This project implements a Retrieval-Augmented Generation (RAG) system using:
- 🌐 LangChain
- 📦 ChromaDB for vector storage
- 🔠 BM25 for keyword-based retrieval
- 🤖 Gemini 2.5 Flash (via
langchain-google-genai) as the LLM - 📄 Support for loading local and web documents (PDF, DOCX, TXT, URLs)

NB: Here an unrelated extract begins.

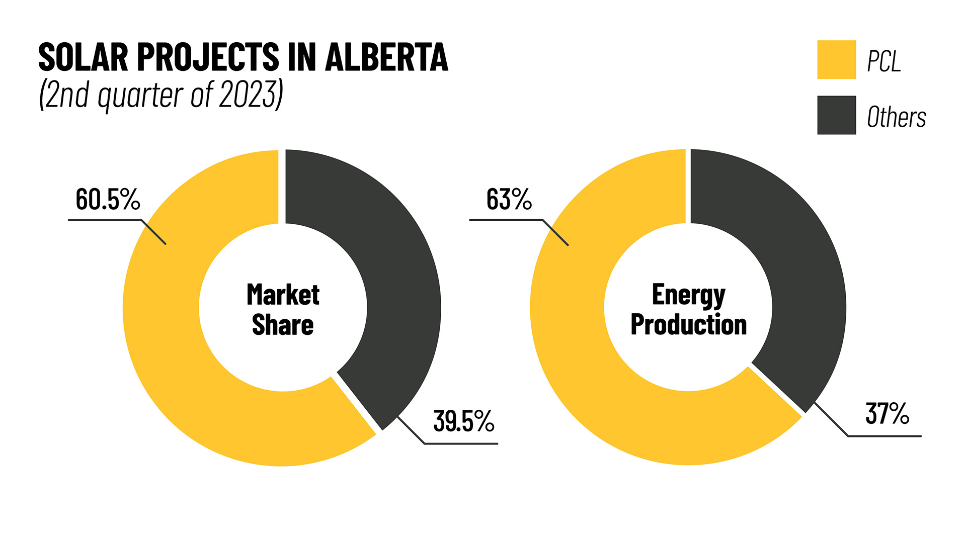 As of the second quarter of 2023, PCL Solar had built 60.5% of the solar projects (by nameplate capacity) in Alberta, Canada. Those facilities produced 63% of the solar electricity in the province, giving a higher-than-average capacity factor. Travers Solar consistently has the best average capacity factor of any project in the province.

It includes a hybrid retrieval mechanism combining semantic search and BM25 keyword search, with an iterative critique-and-revision loop for fact-checked, accurate answers.
hybrid-rag-gemini/
│
├── rag_engine.py # Core logic: document loading, hybrid retriever, RAG pipeline
├── app.py # (Optional) Streamlit frontend for user interaction
├── .env # Stores your Google API key
├── data/ # Directory for local documents (PDF, DOCX, TXT)
│ |── attention_is_all_you_need.pdf
| └── realm_retrieval_augmented_pretraining.pdf
├── chroma_db/ # Persistent vector store directory. This will be created automatically during first run.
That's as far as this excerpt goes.